TOROSLARDAN KAZ DAĞLARINA
Düşünen beyinler, hep deniz kıyısındaki gelişmiş yörelere gitmesinler. Oralarda gerçekleri göremiyoruz. Küçük yerleşim birimlerine gitsinler; yüksek dağ başlarına çıksınlar. Oranın insana bir şurup gibi sunulan serin ve tatlı esintisinin serinliğiyle rahatlayıp düşünsünler. Bu güzellikler neden kirletilir? Bu ülke neden yokluğun pençesinde? Neden varlık içinde yokluğu yaşıyoruz?
Ben öyle yaptım. Bir süredir Toroslar’ın o güzelim görünümü, çağlayan suları, geçit vermez tepeleri ve temiz havası ile iç içe oldum. İnsanlarıyla konuştum. Acılı türkülerini dinledim. Bu insanlar acılar çekmişler. Sanki yedikleri acılı yemekler onların yaşamlarına yansımış. Yaşam, acı ve tatlıdan ibaret. Ortası yok. Bir şeyler yüklediği eşeğine binerek her şeyden habersiz gibi ilerleyen insanlar dert yükü. Pek konuşmak istemiyorlar. Sessiz kalarak, sıkıntısını anlatmaya çalışıyorlarmış gibi geliyor insana… Yokluğu, yoksulluğu kader bellemişler.
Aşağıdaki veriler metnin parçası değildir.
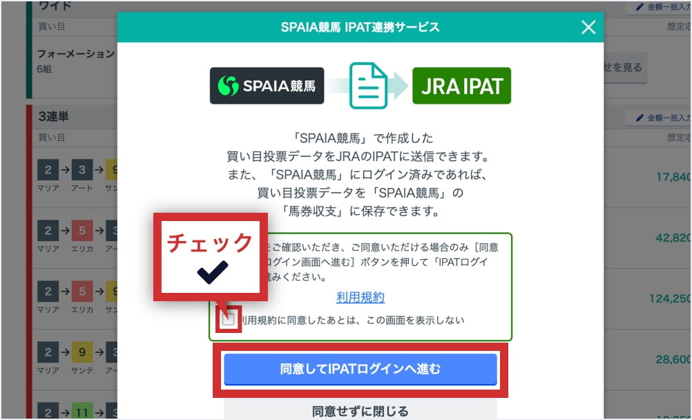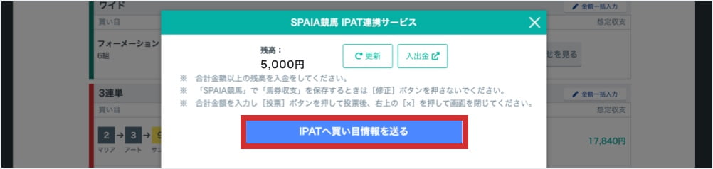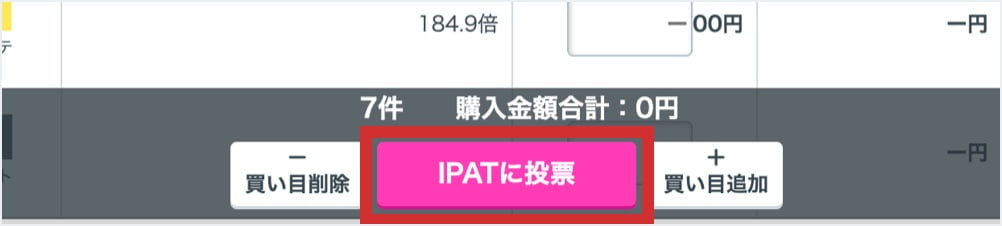 ※ IPAT上で追加・削除した買い目は、SPAIA競馬の馬券収支に保存することができません。IPAT側での買い目追加・削除をSPAIA競馬の馬券収支に反映したい場合は手動での追加・削除を行う必要があります。詳しくは下記をご参考ください。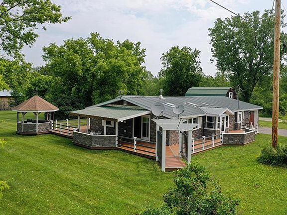Welcome to your Adirondack ranch situated on 55+ acres perfect for farming& hunting. Enjoy your own trails for ATV & snowmobiling. This home features an open floor plan, granite countertops, black stainless steel appliances, hardwood floors throughout, central air, wood stove & the perfect master bedroom featuring its very own sunroom. Your brand new wrap around trex deck is perfect for entertaining or simply watching the breathtaking sunsets. One detached garage/workshop has second floor storage which could be converted into finished space with income potential. Second garage is heated, has 3 bays perfect for all of your farm equipment, classic cars, recreational toys or your business needs. Property also features a 2 bed/1bath mobile home perfect for family or income potential. Just a short drive to Lake Champlain, Plattsburgh &30 miles to Lake Placid. Don't Miss this opportunity, this one won't last !

Dünyadan haberi olduğu, modern araçları kullandığı halde bu anlayışın değişmemiş olması içimi acı yiyeceklerden daha fazla yakıyor.
Size farklı bakıyorlar. Herkes herkesi tanıdığı için yabancı olduğunuzu hemen fark ediyorlar. Hep kaderine terk edilmiş. Hep oy alma zamanı, oy almak için gidilmiş ona. Bu nedenle tedirginler, kuşkulular. Önce öylesine yaklaşıyorlar. Merak ediyorlar. Okumuşlar fazla uğramamış yanlarına. Köyde okuyup meslek edinenler de büyük şehirlere yerleşmişler. Genellikle yaşlılar çoğunlukta bu yörelerde. Bunun sonucu olarak da gerçeklere yabancılar, okumuşlara olduğu gibi… Güzel gelenekler aşınmaya uğramış. Buralarda da maddiyat ön plana çıkmış. Yazık olmuş, yazık olmuş güzelliklere.
Her şeyi parasal, dinsel açından değerlendiriyorlar. Gerçekleri söyleyenlere değil de çıkarcıların din-iman nutuklarına, sağlanan ufak çıkarlara kolayca kanıyorlar. Dinsel gerçeklerden söz etmediğiniz, ülke sorunlarına dokunmadığınız, oy verdiği parti aleyhinde olmadığınız sürece sizi dinliyorlar.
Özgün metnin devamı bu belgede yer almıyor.